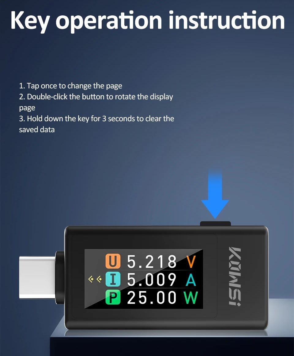 - Этот прибор совместим с современными системами быстрой зарядки и подходит для тестирования устройств с интерфейсом Type-C.
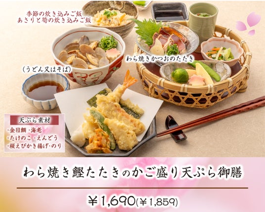 ・わら焼きかつおたたきのかご盛り天ぷら御膳 1,690円(税込み1,859円)
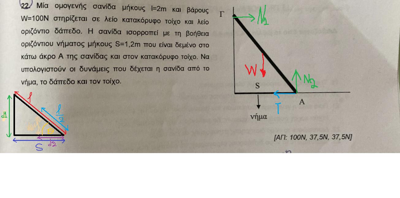 Όπου d1 και d2 είναι οι κάθετες ως προς τον φορέα των δυνάμεων N1 και W αντίστοιχα αποστάσεις απο τον άξονα περιστροφής. Στο τριγωνάκι που σου έχω κάνει κάτω αριστερά στην εικόνα φαίνεται ξεκάθαρα πως το d1 είναι το μήκος της πλευράς ενός ορθογωνίου τριγώνου με μήκος υποτείνουνας l = 2 m και και δεύτερης πλευράς μήκους S = 1.2 m. Απο το πυθαγόρειο θεώρημα λοιπόν θα ισχύει πως :
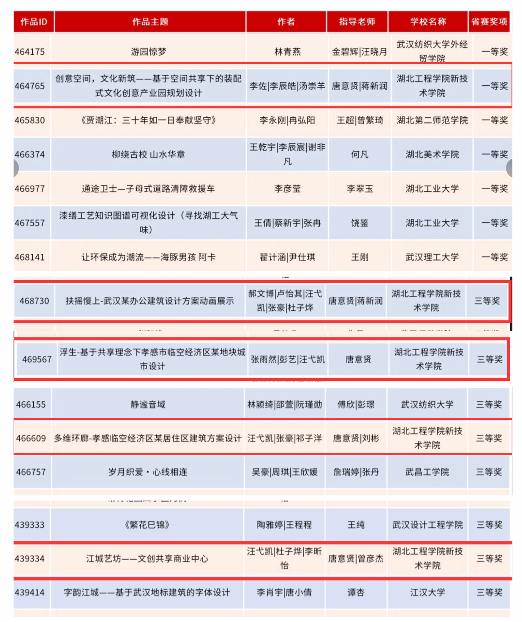 此外,由郝文博、卢怡其、汪弋凯、张豪、杜子烨团队渲染制作的建筑动画《扶摇慢上 - 武汉某办公建筑设计方案动画展示》;张雨然、彭艺、汪弋凯团队设计的《浮生 - 基于共享理念下孝感市临空经济区某地块城市设计》;汪弋凯、张豪、祁子洋团队设计的《多维环廊 - 孝感临空经济区某居住区建筑方案设计》;汪弋凯、杜子烨、李昕怡团队设计的《江城艺坊 - 文创共享商业中心》获得省赛三等奖。
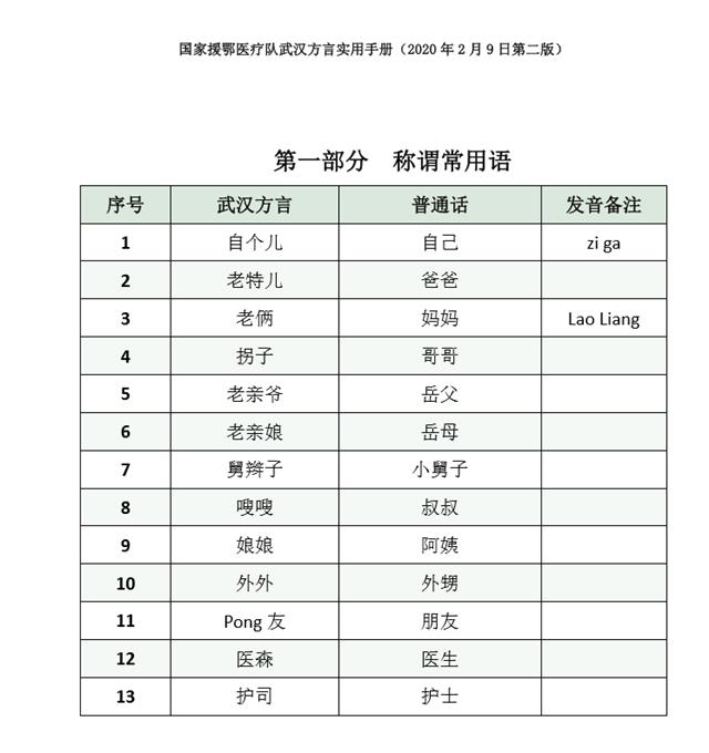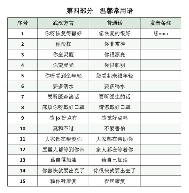 楚天都市報2月10日訊(記者 晏雯 )“葛自噶加油-給自己加油”“軸你呀康復-祝您康復”“你蠻快奏要出克了-你很快就要出去了”“幾滿打針-什么時候打針”“蠻扎實-厲害(有佩服之意)”“拐子-哥哥”“老特兒-爸爸”……咱武漢人一看就明白,這是一句句既輕松又實用的武漢話方言教材。但如果跟您說,這樣一部方言實用手冊,是山東大學齊魯醫院醫療隊,為方便醫生與患者間的交流,專門連夜組織編寫的,是不是在輕松之外,心頭還會涌上絲絲溫情和滿滿暖意。
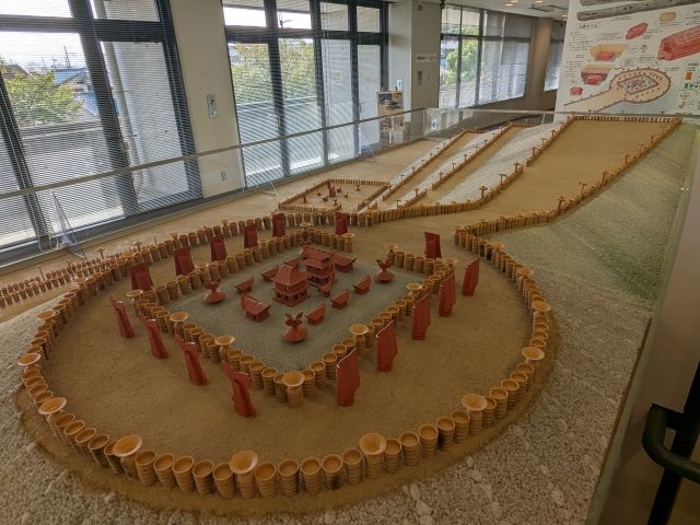 このジオラマは、カプセルトイでおなじみの海洋堂が制作したもの。墳丘に敷かれた葺石や、ずらりと並ぶ円筒埴輪など細部まで丁寧に仕上げられています。壁に描かれたポップな解説イラストもわかりやすくて良いです。
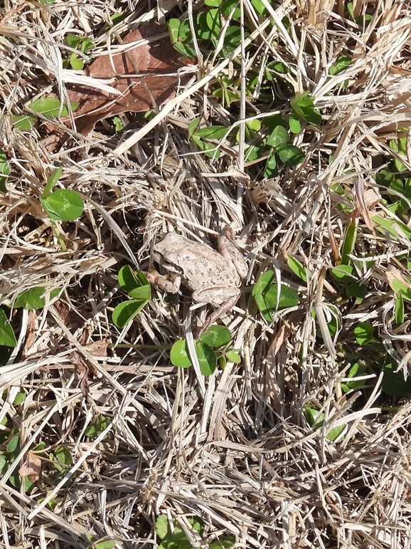 茶色く体色を変えたアマガエルをゲストが発見。声もよく聞けました。

* **Work instruction**
Exclude all pictures and return precisely the lines from the one containing "孝感临空经济区某居住区建筑方案设计》;汪弋凯、杜子烨、李昕怡团队设计的《江城艺坊 - 文创共享商业中心》获得省赛三等奖。" through the closing line of the data.

* **Written response**
 此外,由郝文博、卢怡其、汪弋凯、张豪、杜子烨团队渲染制作的建筑动画《扶摇慢上 - 武汉某办公建筑设计方案动画展示》;张雨然、彭艺、汪弋凯团队设计的《浮生 - 基于共享理念下孝感市临空经济区某地块城市设计》;汪弋凯、张豪、祁子洋团队设计的《多维环廊 - 孝感临空经济区某居住区建筑方案设计》;汪弋凯、杜子烨、李昕怡团队设计的《江城艺坊 - 文创共享商业中心》获得省赛三等奖。
 楚天都市報2月10日訊(記者 晏雯 )“葛自噶加油-給自己加油”“軸你呀康復-祝您康復”“你蠻快奏要出克了-你很快就要出去了”“幾滿打針-什么時候打針”“蠻扎實-厲害(有佩服之意)”“拐子-哥哥”“老特兒-爸爸”……咱武漢人一看就明白,這是一句句既輕松又實用的武漢話方言教材。但如果跟您說,這樣一部方言實用手冊,是山東大學齊魯醫院醫療隊,為方便醫生與患者間的交流,專門連夜組織編寫的,是不是在輕松之外,心頭還會涌上絲絲溫情和滿滿暖意。
 このジオラマは、カプセルトイでおなじみの海洋堂が制作したもの。墳丘に敷かれた葺石や、ずらりと並ぶ円筒埴輪など細部まで丁寧に仕上げられています。壁に描かれたポップな解説イラストもわかりやすくて良いです。
 茶色く体色を変えたアマガエルをゲストが発見。声もよく聞けました。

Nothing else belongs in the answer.